Just think a little of the games we play in our interaction with others. So who are the people in our lives that we might not consider worthy of our attention? What tone do you use with those people carrying out those otherwise menial tasks? What draws or repels you from others- and how really aware or honest are you about that in your praying? Do you settle for the same old faces and a somewhat closed social group? Do you more readily gravitate to those who entertain, flatter or amuse you? Be honest! How many of your relationships are about convenience or mutual advantage? Do you get anxious about who you might have to sit with?
These are not jaundiced or cynical observations. These are questions we need to answer and I say again, pray about because whether we like it or not; whether we realise it or not our pattern of relating; the way we form and sustain relationships is the place Christ will make himself known. What I`m getting at is that in days when utility companies and others deploy their faux customer service strategies and leave us utterly frustrated and somewhat demeaned we mustn`t be blind to the way in which we can do exactly the same in our day to day dealings with one another. And as I say, sometimes it`s those of our own family who can feel used, disregarded, and unworthy of our attention.
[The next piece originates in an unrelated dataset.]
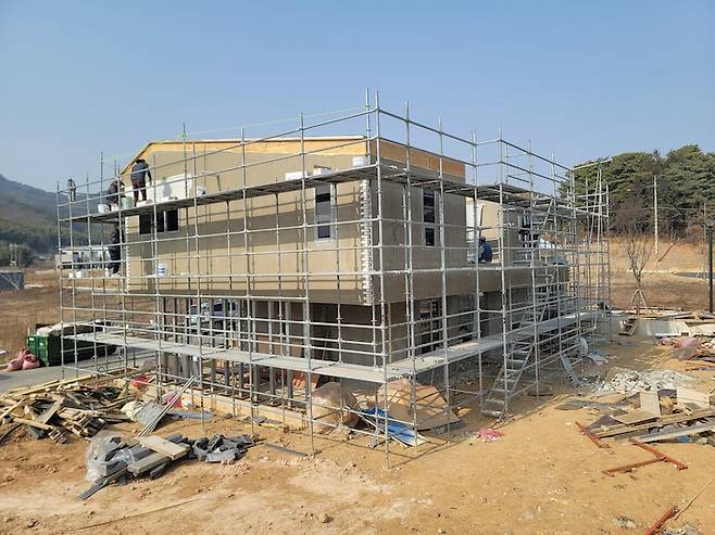 대지면적은 150평, 건평은 1층 26평, 2층 26평 총 52평이에요. 2021년 8월 착공허가를 받고 9월부터 본격적으로 시공에 들어갔어요. 사실 이때가 코로나19로 인해 각종 자재비와 인건비가 계속해서 상승하는 시기였어요. 돌이켜보면 몇 달 늦게 삽을 떴으면 시작하기 힘들었을 수도 있겠다 싶었습니다.

In our Gospel reading this morning John the Baptist uses some words, which frankly have haunted me this week. He tells the people: “Among you stands one whom you do not know”. It seems to me that we do not really know him; so often we do not recognise Christ among us because, far too often we like to set the terms of engagement. We draw too firm a line around ourselves. We excuse ourselves by using social convention; `birds of a feather flock together` and all the rest. But then the challenge comes when you encounter someone like Mother Teresa.
I picked up a little book about her the other day and was just bowled over by her stark and direct legacy. Putting it simply she stood in the tradition which says, as the Benedictines would put it: “we welcome others as we would welcome Christ himself”… Again, very cleverly we excuse ourselves, we call her a saint and having stuck her on a pedestal we`re free to regard her as the exception…. But she`s NOT the exception. On the contrary, she and her example is the rule and the call to holiness is and never has been for the favoured few.
One of the Church Fathers, Tertullian tells us, “The one who has seen his brother has seen his God”. And this whole notion that the next person you meet; the one sitting next to you; the one you would otherwise avoid; the one who needs your help; is to be treated as Christ himself ……frankly is dynamite.
As some of you will know Margaret and I were fortunate enough to go to Nepal a few years ago and one of the things we noticed was that just as we might say “Good morning” to those we pass in the street (though of course in some places they`ll think you a bit strange) the tradition there is to put your hands together and say “Namaste”. It`s a greeting which says, “I bow to the God within you”. After four weeks of that it was interesting returning to England, walking into a shop in Windermere and just stopping myself in time. Embarrassment takes over doesn`t it? But the hand gesture isn`t the point. You see I don`t think we`ll ever understand Christmas and what it means for God to come among us `in the flesh` while ever we look for the holy or the sacred in for example what I increasingly hear people calling `magical` feelings.
Christ will remain among us as “one we do not know” if we don`t begin with greeting, welcoming and engaging with those you wouldn`t usually regard as worthy of time and attention. Greeting, welcoming and engaging them as if they were Christ is the place to start.